EXERCISE DATA ::
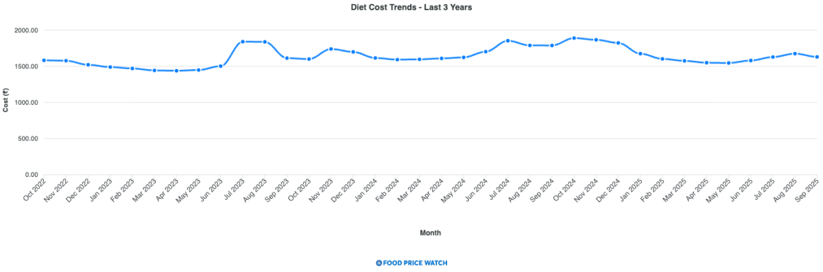 A four-person household’s grocery bill has fallen to Rs 6,519 in September 2025, a decrease of 2.7% compared to August 2025, our analysis finds.
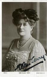 | Keywords: TWL.2002.140Postcard, printed, cardboard, monochrome photographic studio portrait of Ellen Terry, head and shoulders, wearing evening dress, white border, black text, printed inscription front: '1994 H MISS ELLEN TERRY. ROTARY PHOTO. EC', signed 'Ellen Terry' in black ink, in front right bottom corner.
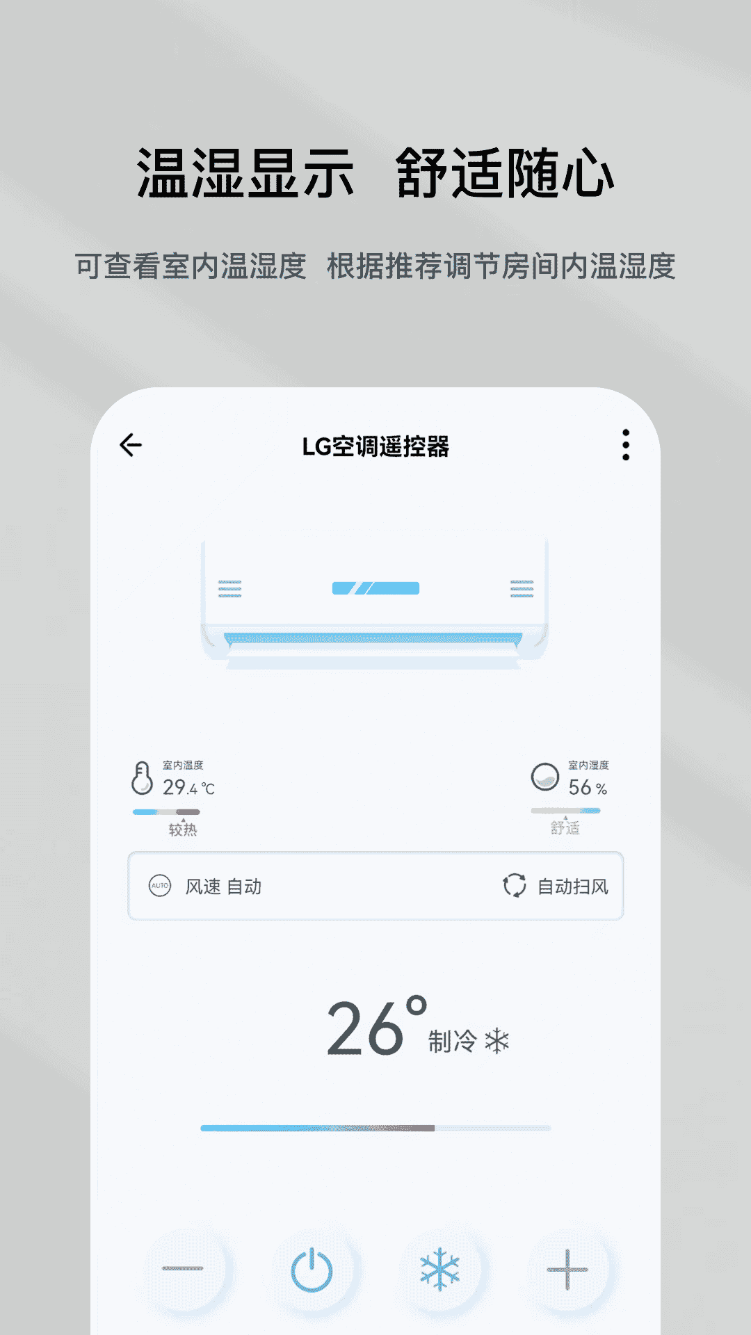 1、溫濕顯示舒適隨心,可查看室內溫濕度根據(jù)推薦調節(jié)房間內溫濕度

TRY IT ::
Exactly as they stand, write the lines from the one holding "right bottom corner." to the end of the material, both ends included. Do not copy the pictures.

SOLUTION FOR THIS PROBLEM ::
 | Keywords: TWL.2002.140Postcard, printed, cardboard, monochrome photographic studio portrait of Ellen Terry, head and shoulders, wearing evening dress, white border, black text, printed inscription front: '1994 H MISS ELLEN TERRY. ROTARY PHOTO. EC', signed 'Ellen Terry' in black ink, in front right bottom corner.
 1、溫濕顯示舒適隨心,可查看室內溫濕度根據(jù)推薦調節(jié)房間內溫濕度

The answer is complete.